Devlet ve ekonominin davranışları

Facebook Twitter Linked-in

Bu yazılarda, derin bir sistemik kriz içinde bulunduğumuzu sık sık dile getiriyoruz. Durumlara vaziyet eden iki anaakım yaklaşım mevcut. İlki, odağına devlet-ulus kodunu alıyor. Bu bakış uluslararası ilişkiler disiplininin içinden çıkıyor. Buna göre, meseleler devlet-uluslar arasında yaşanıyor. Meselâ ortada bir ABD-Çin veyâ NATO ile Rusya rekâbeti ve husûmeti var.

Bu bakış yanlış değil. Hakikâten de dünyâ hâl-i hazırda devlet-uluslar olarak teşkilâtlanmış durumda. O hâlde, meselelerin niteliği ne olursa olsun, bunların hesaplaşması devletler veyâ uluslararası bir düzlemde yaşanacaktır.

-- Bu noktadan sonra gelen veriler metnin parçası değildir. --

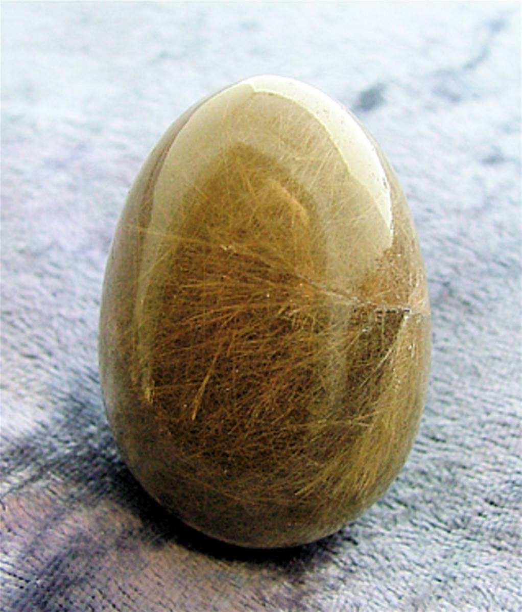 Features golden rutile inclusions.size = 42mm tall x 28mm diameter aprox.WEIGHT = 55g.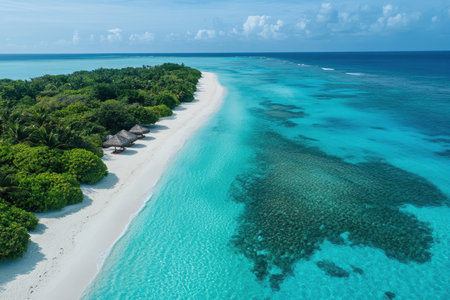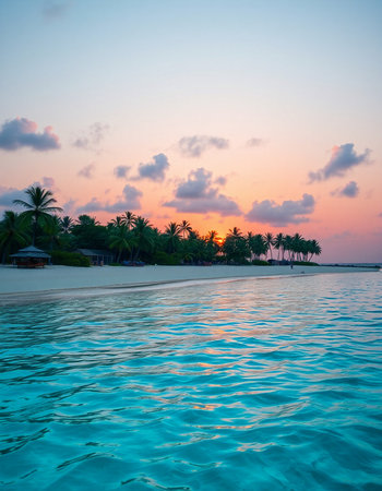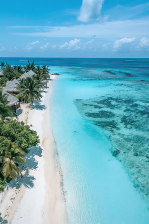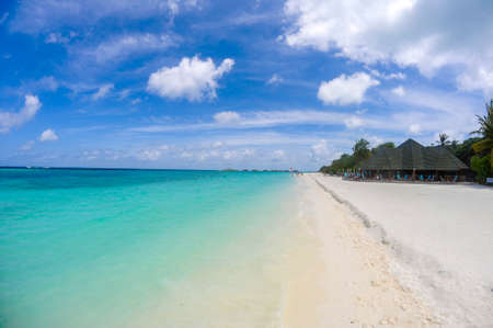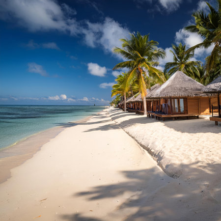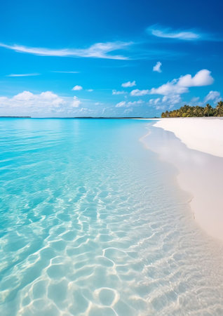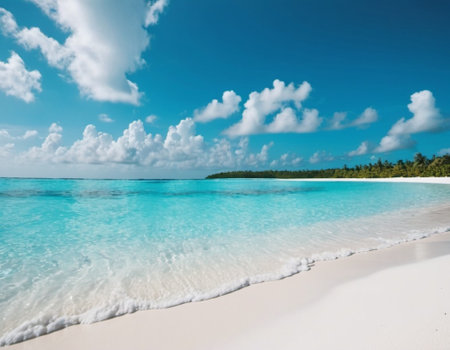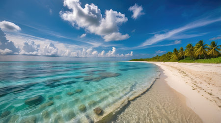 Breathtaking view of pristine white sand beach in Maldives. Turquoise waters of Indian Ocean lap gently at shore, creating serene idyllic scene. Sky is vibrant blue, dotted with fluffy white clouds

İkinci anaakım bakış ise saf olarak ekonomik ve teknolojik bir nitelik taşıyor. Buna göre ortada, ekonominin ve teknolojinin, devlet-ulus formasyonlarından görece özerk olan güçleri var. Onlara göre bu güçler, târihin belirleyici güçleridir. Her ne kadar sahnede devletler arasındaki mücâdeleler olsa da, gelecekte kurulacak yeni dünyâda nihâî hükmü onların verecektir. Bu iddianın dayanakları da azımsanmayacak kadar mühim..

Pekâlâ sıkıntı nerede? Sıkıntı, iki taraflı olarak yaşanıyor. İlk bakıştan başlayalım.. Bu bakış, başta ekonomi olmak üzere, siyâset dışı faktörleri siyâsetin güdümünde ve kontrolünde görüyorlar. Ekonomiyi topyekûn, ulusal- siyâsal bir ekonomi olarak değerlendirmekte ısrarlı davranıyorlar. Buna göre meselâ, ABD-Çin gerilimi, eğer ekonomiden yola çıkacak olursak, devletlerin ve ulusların kontrolünde olan ABD ekonomisi ile Çin ekonomisi arasındadır. Daha açık anlatmak gerekirse, ABD ve Çin, sermâye ve emek piyasalarıyla ulusal ekonomilere sâhiptir. Çatışmalar, ABD’deki devletli ve uluslu bir sermâye ile yine devletli ve uluslu Çin sermâyesi arasındadır. Netice de bunlardan birisi kazanacak ve yeni dünyâ düzeninin hegemonik gücü olarak temâyüz edecektir.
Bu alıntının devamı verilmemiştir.